┌─ Excerpted data
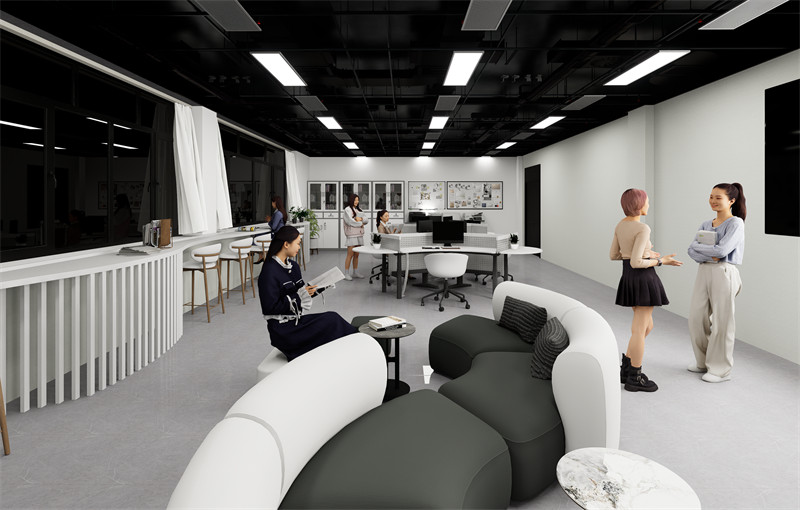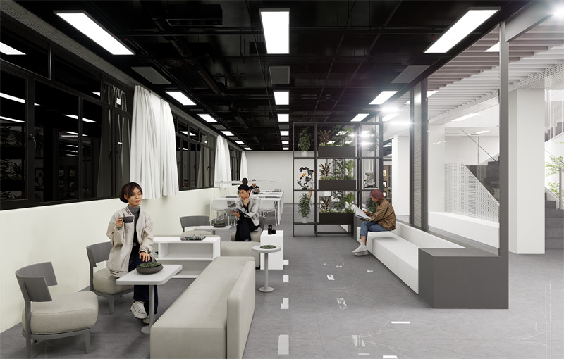 学生空间——将多个小房间打通,打造贯通式学习交流空间;以玻璃墙面向中庭,提升空间采光效果;
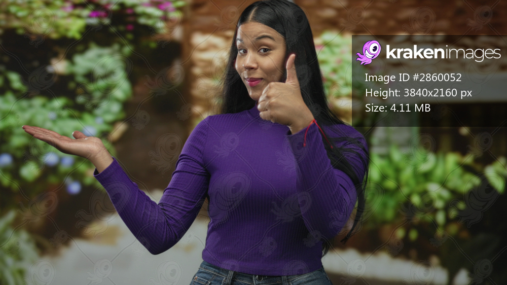 Young latin woman in purple top finger pointing to her open palm in old town street lined with stone buildings; open invitation.
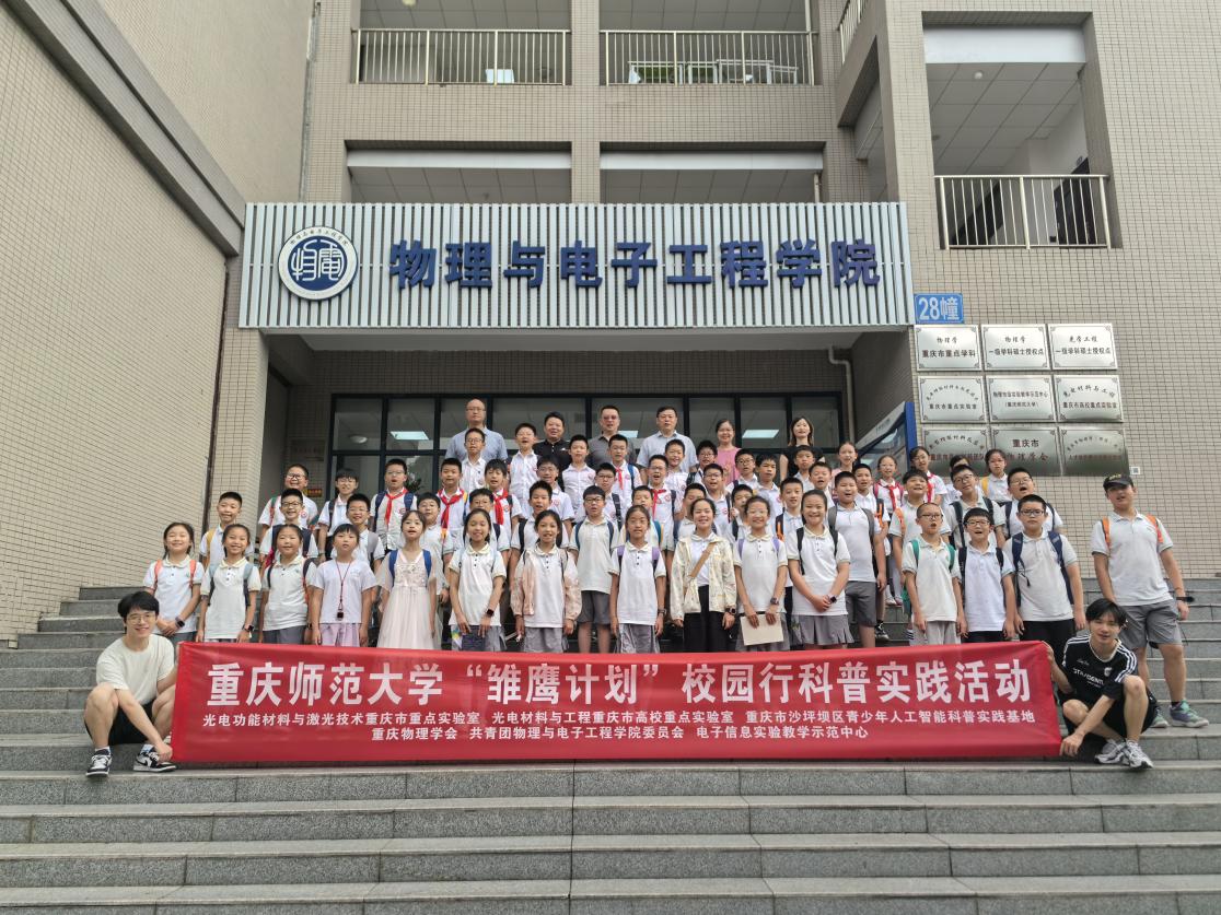 举办“雏鹰计划”校园行科普实践活动,来自重庆两江新区重光小学、重庆市大渡口区钰鑫小学的学生参与,开启奇妙科学之旅,激发小学生科学兴趣,普及科学知识。本次活动由光电功能材料与激光技术重庆市重点实验室、光电材料与工程重庆市高校重点实验室、重庆市沙坪坝区人工智能科普实践基地、重庆物理学会、电子信息实验教学示范中心、共青团AV狼
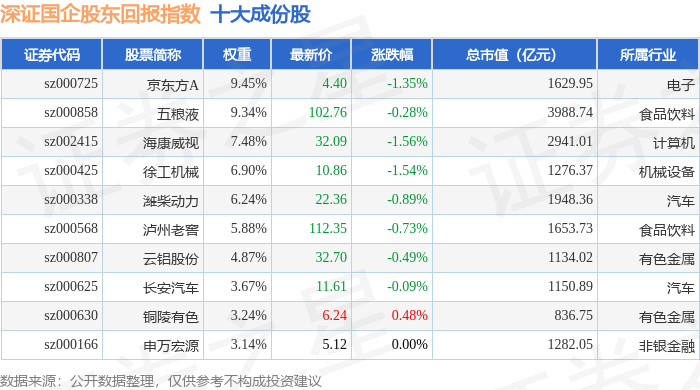 深证国企股东回报(970064)指数十大成份股详情如下:
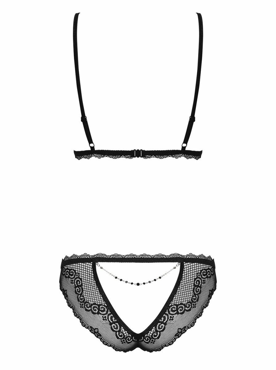 Комплект состоит из мягкого лифа без косточек и трусиков-стрингов, которые подчеркивают вашу фигуру. Лиф имеет регулируемые бретели и удобную застежку на спинке, что позволяет легко подогнать его под ваши размеры. Трусики с вырезом на ягодицах и спереди, украшенные цепочкой, добавляют нотку игривости и сексуальности.
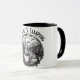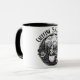 A black-and-white vintage illustration featuring a steaming coffee cup set in a scenic camping landscape with mountains, trees, flowers, and a flowing river.
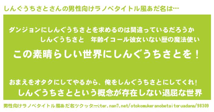 | 胡散臭い通販商品みたいなあだ名 | 『あなたにだけ特別に提供する100年もののヴィンテージワイン…その名も「しんぐうちさと」』 |
└─
**What is needed**
Transcribe each line above exactly, pictures excluded.

**Solution for this problem**
 学生空间——将多个小房间打通,打造贯通式学习交流空间;以玻璃墙面向中庭,提升空间采光效果;
 Young latin woman in purple top finger pointing to her open palm in old town street lined with stone buildings; open invitation.
 举办“雏鹰计划”校园行科普实践活动,来自重庆两江新区重光小学、重庆市大渡口区钰鑫小学的学生参与,开启奇妙科学之旅,激发小学生科学兴趣,普及科学知识。本次活动由光电功能材料与激光技术重庆市重点实验室、光电材料与工程重庆市高校重点实验室、重庆市沙坪坝区人工智能科普实践基地、重庆物理学会、电子信息实验教学示范中心、共青团AV狼
 深证国企股东回报(970064)指数十大成份股详情如下:
 Комплект состоит из мягкого лифа без косточек и трусиков-стрингов, которые подчеркивают вашу фигуру. Лиф имеет регулируемые бретели и удобную застежку на спинке, что позволяет легко подогнать его под ваши размеры. Трусики с вырезом на ягодицах и спереди, украшенные цепочкой, добавляют нотку игривости и сексуальности.
 A black-and-white vintage illustration featuring a steaming coffee cup set in a scenic camping landscape with mountains, trees, flowers, and a flowing river.
 | 胡散臭い通販商品みたいなあだ名 | 『あなたにだけ特別に提供する100年もののヴィンテージワイン…その名も「しんぐうちさと」』 |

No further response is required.